Then why so many bad gifts within couples?
It’s simple, really. Sometimes men aren’t listening to their wives. But just as often, women aren’t clear about their desires. They want men to pick up on their subtle clues, rather than telling them outright what they’d like. As one woman I know explains, “It means we are special to them if they detect what we want without us telling them.”
Tom Valentino, who grew up in a large Italian-American family, blames his upbringing. In his parents’ house, Christmas was all about religious values—and food. Gifts were an afterthought.
Flash ahead a few decades, when Mr. Valentino, an accountant, had to pick out a holiday gift for his wife. “I started to think, well, we have three kids already, so no need for anything from Victoria’s Secret,” he says. “And I bought her a fancy watch last year for her birthday. How many of those does she need?”

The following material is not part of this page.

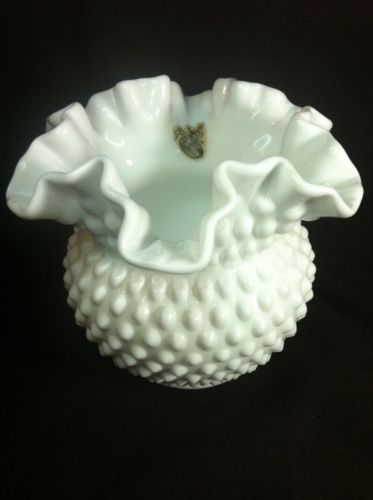 Title (ebay affiliate link): Vintage Fenton White Milk Glass Hobnail Ruffled Basket Bowl Vase Compote Marked

Then he remembered his wife had said she needed a vacuum and a bigger pasta pot. Off to Macy’s he went. “I could almost smell the sauce cooking with meatballs, sausage and braciole,” he says. “How could a woman not be happy with these?”
He found out, because the gifts made his wife cry. “The worst part of it all were the looks the kids gave me,” says Mr. Valentino, 52, who lives in Cheshire, Conn. “It’s been about 15 years, and I can’t tell you how many times I’ve been reminded of those gifts.”
And there’s the rub. When men receive gifts they hate, they typically shrug them off. Women, faced with the same dilemma, feel hurt.
What did it for Susan Wilson? A nightgown her husband bought a number of years ago for their anniversary and presented to her at a cozy dinner for two at their country club.
It was cotton (the scratchy kind). Extra-large (she is a size four). Wrapped in a Wal-Mart bag. And emblazoned with St. Bernards carrying snowballs in their mouths.
Ms. Wilson, 54, a business consultant in Stevensville, Mich., was speechless. “You could fit three Peyton Mannings in it,” she says, adding that the thoughtlessness of the gift made her feel unappreciated. As a result, the rest of the evening did not go as her husband had planned. “He made me feel like a dog, but he went to the kennel.”
Her husband’s rationale: His wife loves dogs. “I thought I was being creative,” says Doug Wilson, 55, a corporate environmental health and safety director. “And I always think of sleepwear as something you want to be cozy and not real tight.”
So what’s a well-meaning spouse to do? Start with these gift-giving tips:
• When in doubt, go down a size.
• Never give a gift that suggests your spouse is not perfect. No unsolicited exercise equipment, self-help books, wrinkle cremes or nose-hair removers.
• Appliances and cookware are OK only if she asks for them.
• Don’t even think about a gift that you will get more enjoyment out of than your spouse.
• Remember: It’s not just the thought that counts—especially if you didn’t have that thought until the checkout line.
• When all else fails, at least try to create memories.
That’s what Ms. Gibson, the Pennsylvania teacher, is expecting this year. Recently a package arrived for her husband, who likes do his holiday shopping online. Who sent it? DrNatura, a company known for its colonics.
“Is my dear husband intending to give me a colon cleanser for Christmas this year?” says Ms. Gibson, who says she immediately started to think of all the silly jokes she would share with him, such as “Out with the old, in with the new.”
“At this point, getting perfect, well-thought-out gifts seems a little boring. Bring on the bad gifts, honey.”